The SDE criterion is defined by:

$$ S D E=\sqrt{\frac{1}{N}{\displaystyle \sum_{h=1}^N{\left({e}_h-\overline{e}\right)}^2}} $$
(12)
$$ {e}_h={P}_h^a-{P}_h^f $$
(13)
$$ \overline{e}=\frac{1}{N}{\displaystyle \sum_{h=1}^N{e}_h} $$
(14)

where e h is the prediction error at hour h and ē is the average error of the prediction horizon.

The variability after fitting a prediction model is a measure of the uncertainty of a model, which can be measured through the evaluation of the variance of the prediction error. The prediction is more precise if this variance is smaller [15, 26]. From definition (12), daily error variance can be evaluated as:

$$ {\sigma}_{e, day}^2=\frac{1}{N}{\displaystyle \sum_{h=1}^N{\left(\left|\frac{P_h^a-{P}_h^f}{{\overline{P}}_h^a}\right|-\left({e}_{day}\right)\right)}^2} $$
(15)
$$ {e}_{day}=\frac{1}{N}{\displaystyle \sum_{h=1}^N\left|\frac{P_h^a-{P}_h^f}{{\overline{P}}_h^a}\right|} $$
(16)

5 Result

5.1 Case study and numerical Results

The DSA approach has been applied for short-term wind power forecasting in a microgrid wind farm in Beijing, China. This wind farm has a single wind turbine unit with a generation capacity of 2500 kW. NWP meteorological forecasts and historical wind speed and power data are the main data inputs for training. The influence of input parameter dependency on the accuracy of the prediction has been analyzed by dividing the input data set into different subsets.

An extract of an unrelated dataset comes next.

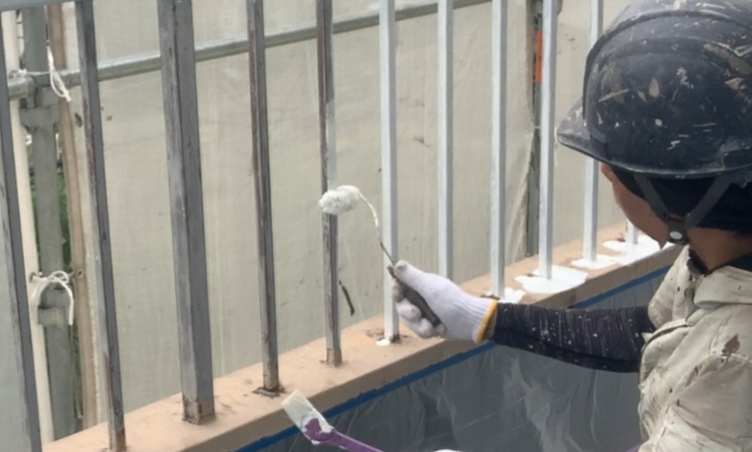 本日は手摺りの下塗り(サビ止め)を行い、鉄部を長期間保護するための強固な下地を整えました。

The prediction horizon is 1 day with a time-interval of 1 hour. Time series of NWP weather forecast, actual SCADA measurement of wind speed and actual SCADA measurement of wind power for the wind farm are recorded from the 1st May 2014 to the 31st April 2015. The forecasting information is given for 4 days corresponding to the four seasons of a year (July 21, 2015, October 15, 2015, January 4, 2016 and April 13, 2016). Thus, days with specifically good wind power characteristics are purposely not selected. This results in an irregular accuracy allocation throughout the year that shows the reality.

Numerical results with the DSA approach are shown in Figs. 4, 5, 6 and 7, respectively for the winter, spring, summer and fall days. Each figure shows the SCADA actual wind power record with the forecasted wind power by the proposed approach.

Fig. 4
figure 4

Actual wind power vs. forecasted wind power for a winter day

Fig. 5
figure 5

Actual wind power vs. forecasted wind power for a spring day

Fig. 6
figure 6

Actual wind power vs. forecasted wind power for a summer day

Fig. 7
figure 7

Actual wind power vs. forecasted wind power for a fall day

Table 1 gives the values of the criterions used to evaluate the accuracy of the DSA approach in predicting wind power. The first column shows the day, the second column gives the MAPE, the third column gives the square root of the SSE, the fourth column gives the RMSE, and the fifth column gives the SDE.

Table 1 Daily forecasting error statistical analysis

Table 2 presents a comparison between the DSA prediction approach and three other approaches (DSN, DSHGN, and DSHPN), with respect to the MAPE criterion.

Table 2 Mape results comparison of different methods

The proposed forecasting approach gives better forecasting accuracy: the MAPE has 8.1133% average value. The proposed approach’s average MAPE improvement with respect to the previous three approaches is 37.93, 34.26 and 20.73%, respectively.

In addition to implementing effective wind power forecasting approach, analysis of impacts of input-data dependency (input-parameter selection) on the accuracy of a prediction model is highly important in developing a stable wind power forecasting model.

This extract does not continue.